* RECORDS FOR THE EXERCISE
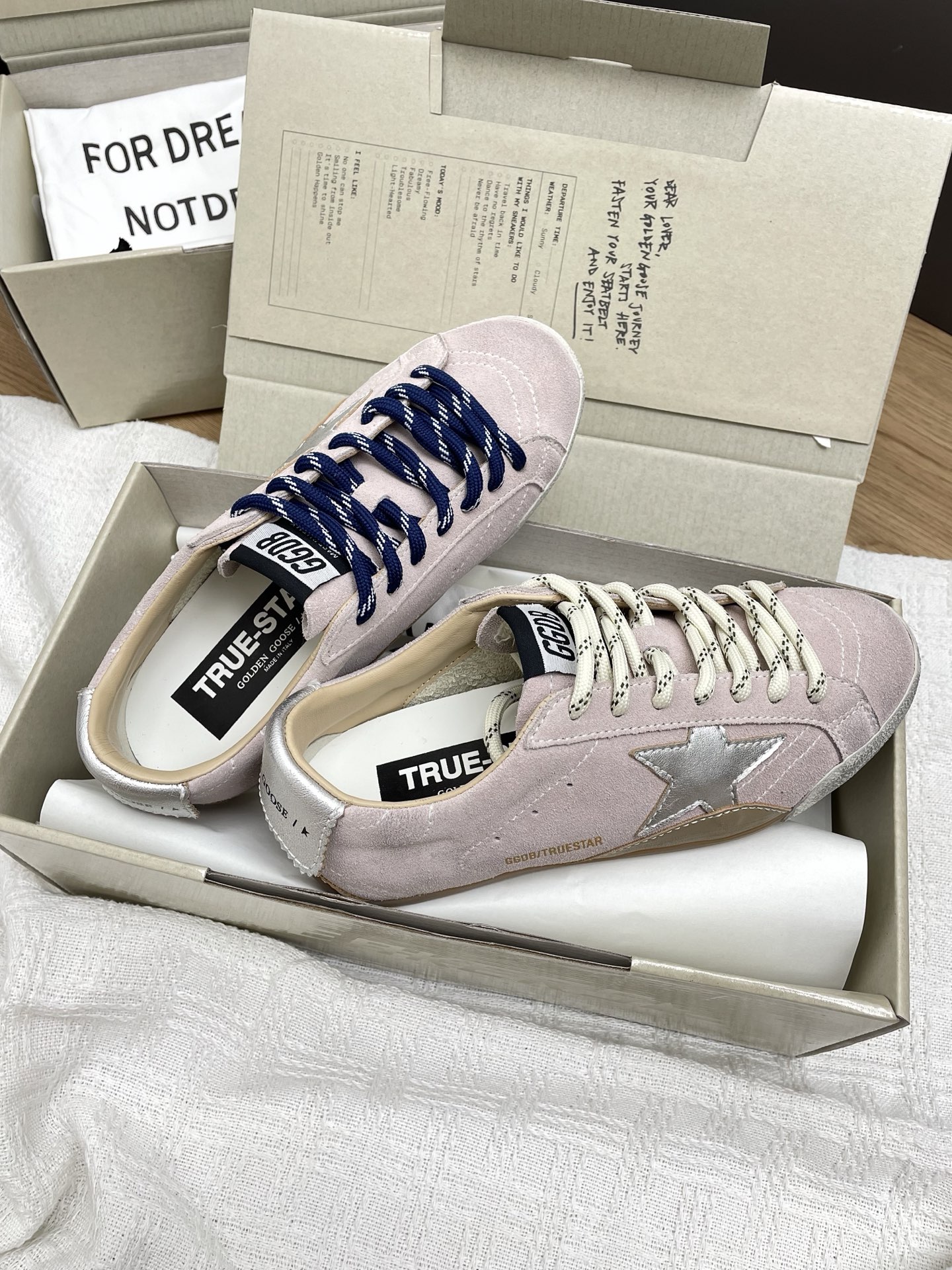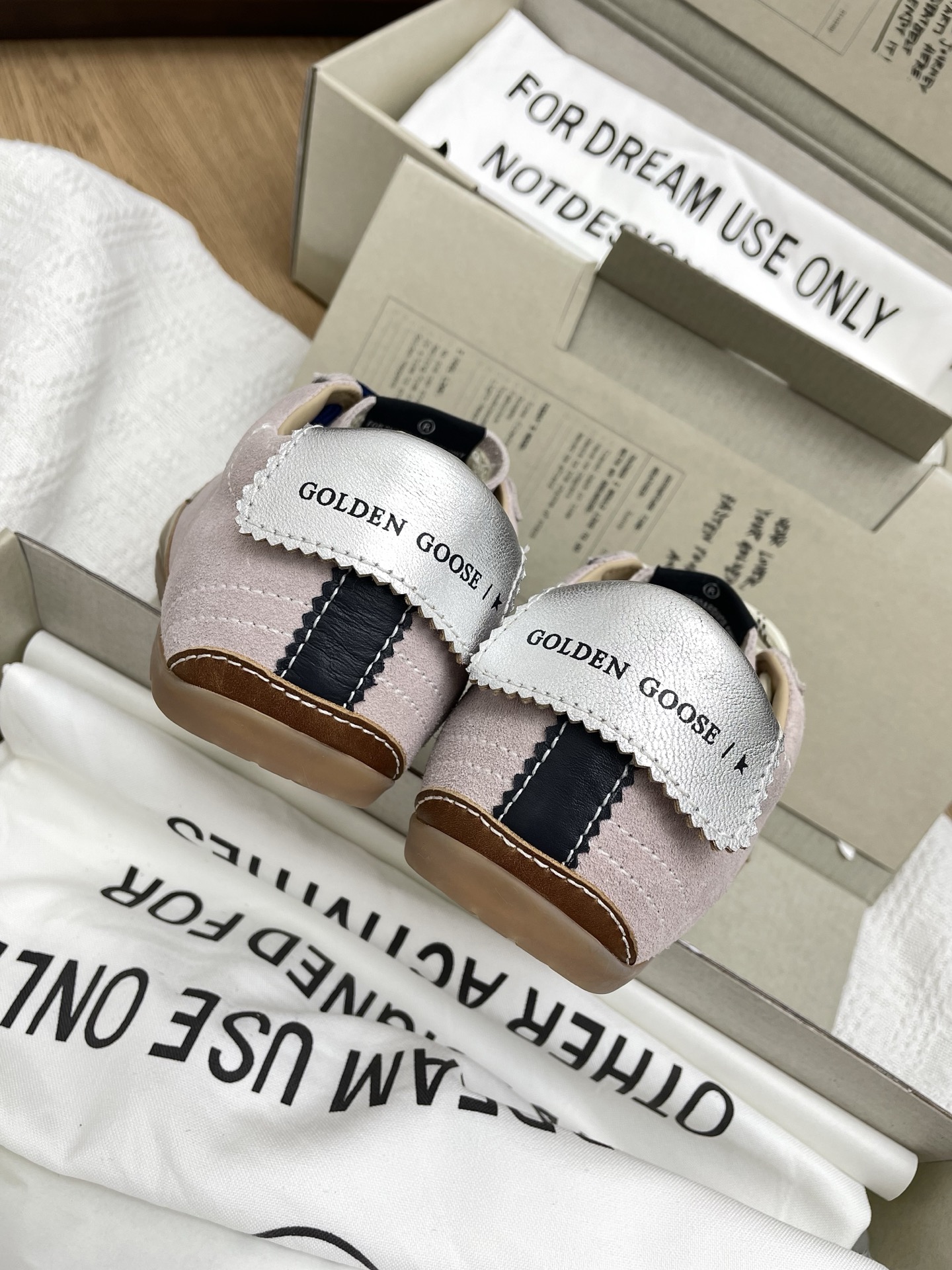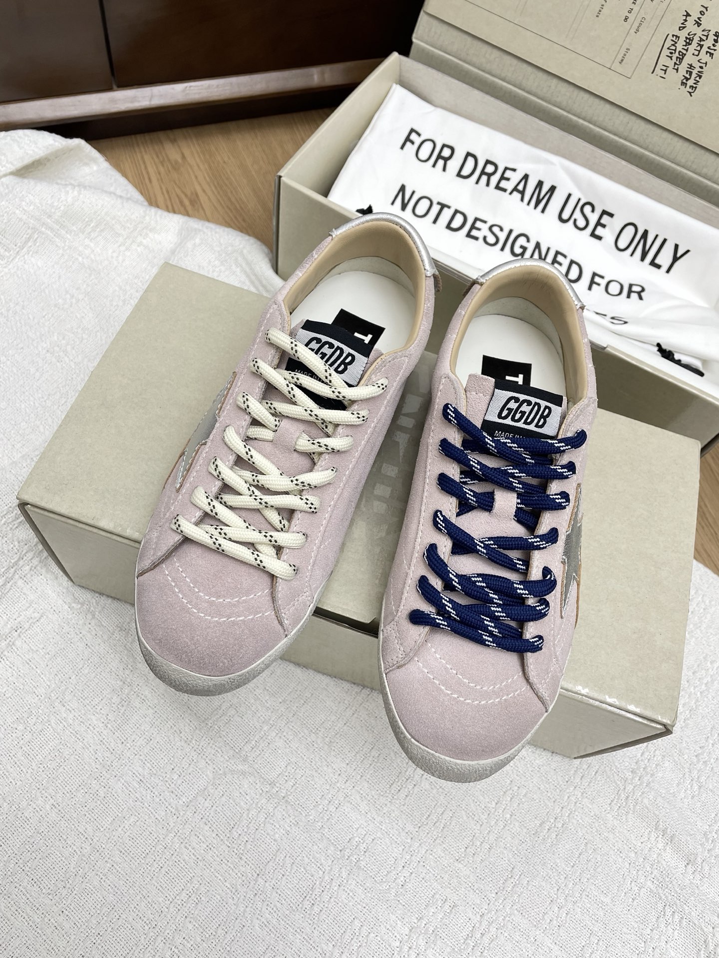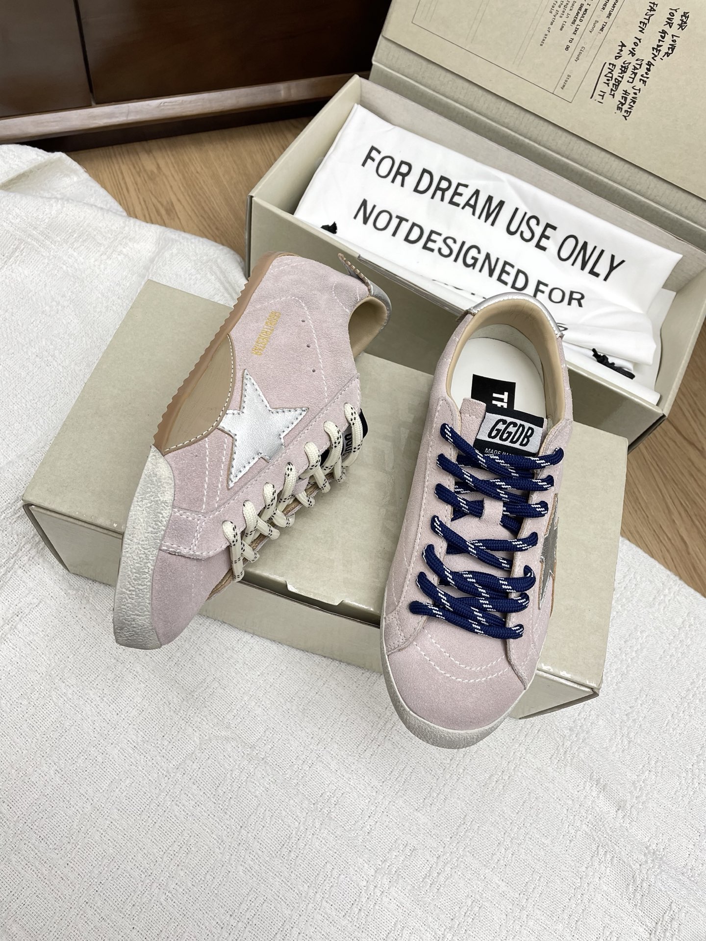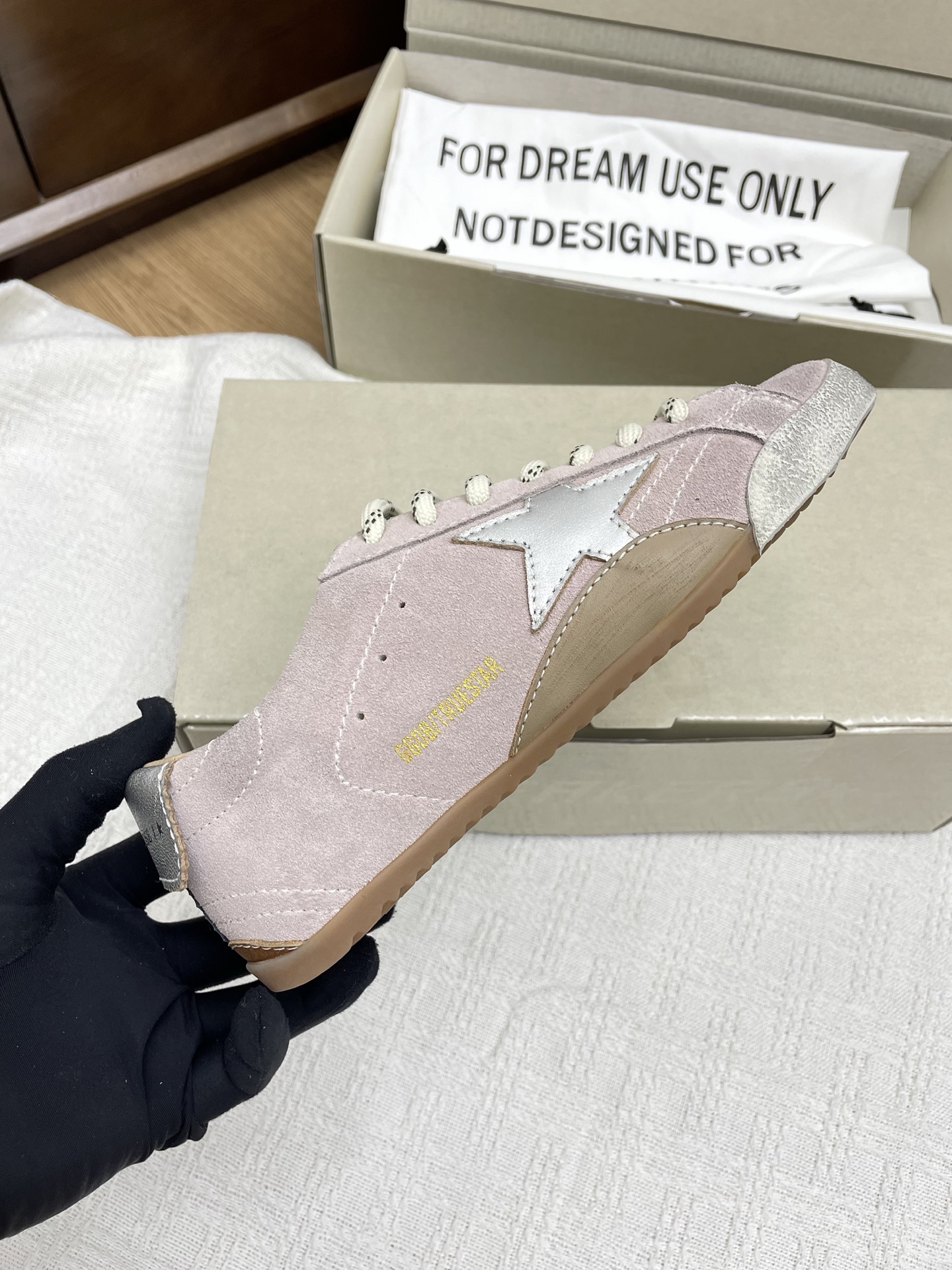 这款鞋子是AAAAA 1:1 质量 (非常棒). 使用了和原版一模一样的材料. 商标部分也保持了和Golden Goose一样. 图片拍摄是实物鞋子拍摄, 您所收到的实物保证和我们图片一模一样.
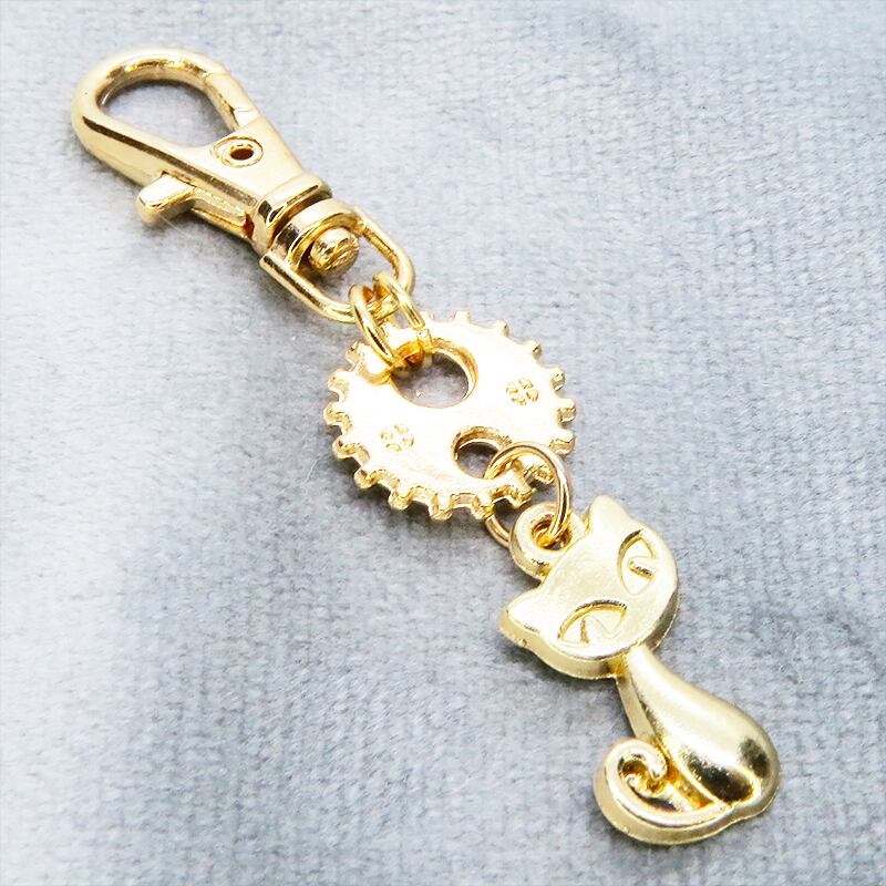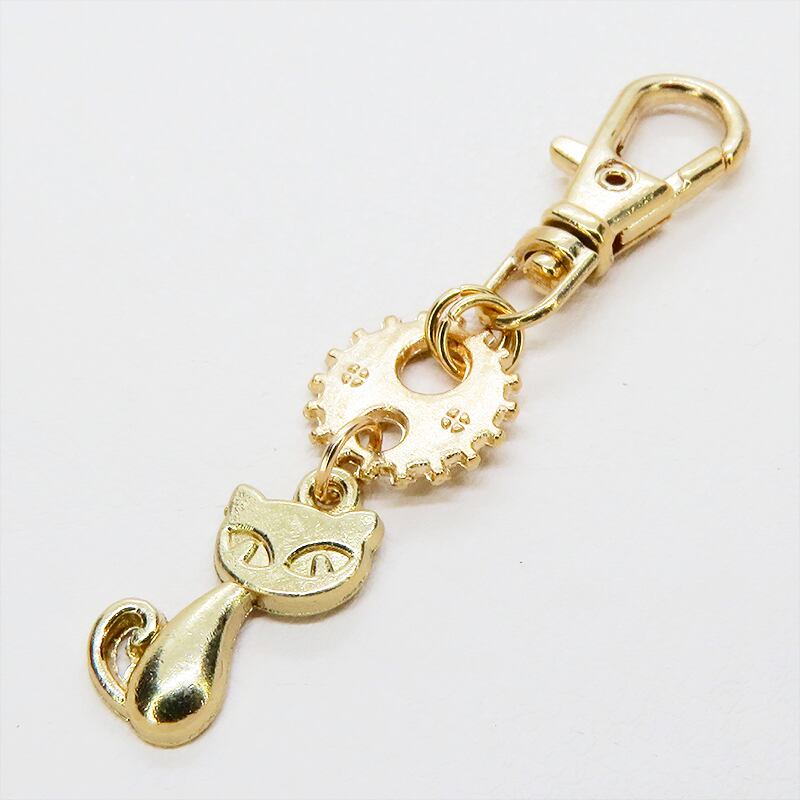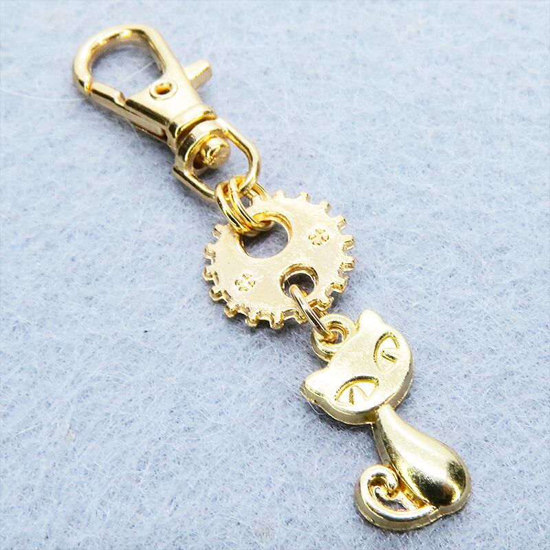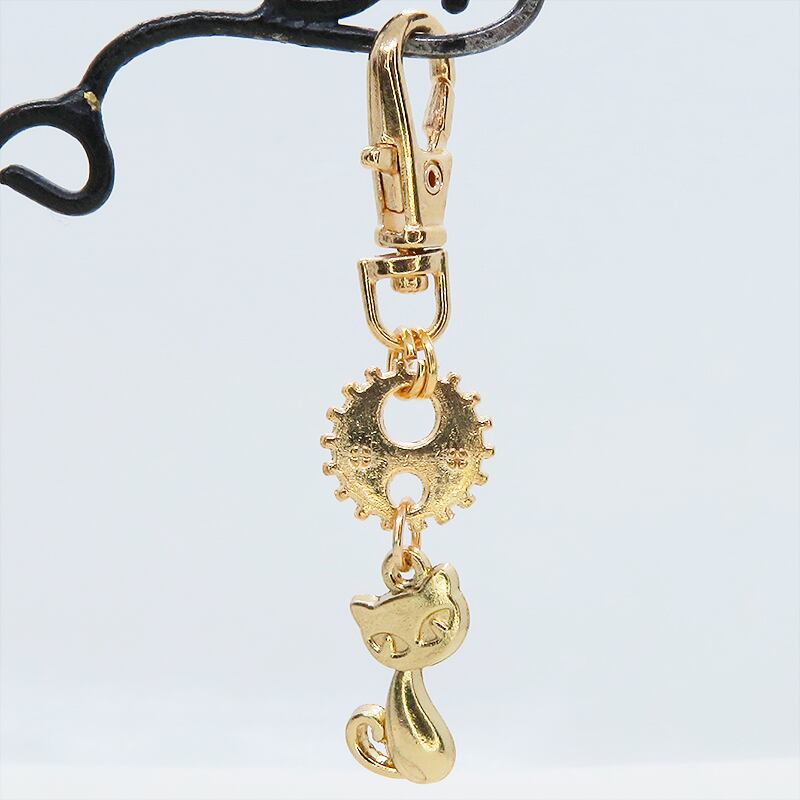 マットゴールドカラーの猫と歯車が組み合わさり、どこかスチームパンクな雰囲気を漂わせます
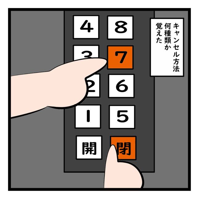 発見したキャンセル方法は、「閉めるボタンとキャンセルしたい階数ボタン押す」
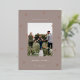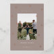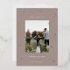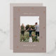A modern and elegant Christmas holiday card design featuring a single vertical photo on a neutral taupe background dotted with rose gold foil pine trees. Personalise with your custom holiday greeting, family name and the year beneath.
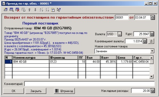 Документ можно оформить, не заполняя поле «Поставщик», хотя это не желательно, если Вы решили впоследствии реализовать товар, оприходованый по данному документу, дав свои гарантийные обязательства. При возврате товара покупателем будет невозможно переадресовать гарантийные обязательства поставщику. Так же необязательно заполнение полей, связанных с гарантийными талонами и периодом гарантии. При возврате товара покупателем Вам необходимо будет вручную поднять необходимые бумаги, что бы определить – можете ли Вы отправить товар поставщику по его гарантийным обязательствам.
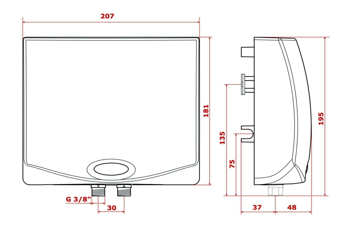 Elektrický průtokový ohřívač vody s elektronickým spínáním a tlakovým provozem – příkon 3,5 kW.
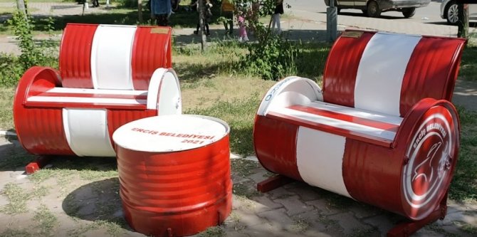 VAN (İHA) – Van'ın Erciş Belediyesi atıl malzemeleri geri dönüştürerek park ve bahçelerde vatandaşların kullanımına sunuyor.

* WHAT YOU HAVE TO DO
Please give all of the data again, exact and free of pictures.

* REPLY TO THE EXERCISE
 这款鞋子是AAAAA 1:1 质量 (非常棒). 使用了和原版一模一样的材料. 商标部分也保持了和Golden Goose一样. 图片拍摄是实物鞋子拍摄, 您所收到的实物保证和我们图片一模一样.
 マットゴールドカラーの猫と歯車が組み合わさり、どこかスチームパンクな雰囲気を漂わせます
 発見したキャンセル方法は、「閉めるボタンとキャンセルしたい階数ボタン押す」
A modern and elegant Christmas holiday card design featuring a single vertical photo on a neutral taupe background dotted with rose gold foil pine trees. Personalise with your custom holiday greeting, family name and the year beneath.
 Документ можно оформить, не заполняя поле «Поставщик», хотя это не желательно, если Вы решили впоследствии реализовать товар, оприходованый по данному документу, дав свои гарантийные обязательства. При возврате товара покупателем будет невозможно переадресовать гарантийные обязательства поставщику. Так же необязательно заполнение полей, связанных с гарантийными талонами и периодом гарантии. При возврате товара покупателем Вам необходимо будет вручную поднять необходимые бумаги, что бы определить – можете ли Вы отправить товар поставщику по его гарантийным обязательствам.
 Elektrický průtokový ohřívač vody s elektronickým spínáním a tlakovým provozem – příkon 3,5 kW.
 VAN (İHA) – Van'ın Erciş Belediyesi atıl malzemeleri geri dönüştürerek park ve bahçelerde vatandaşların kullanımına sunuyor.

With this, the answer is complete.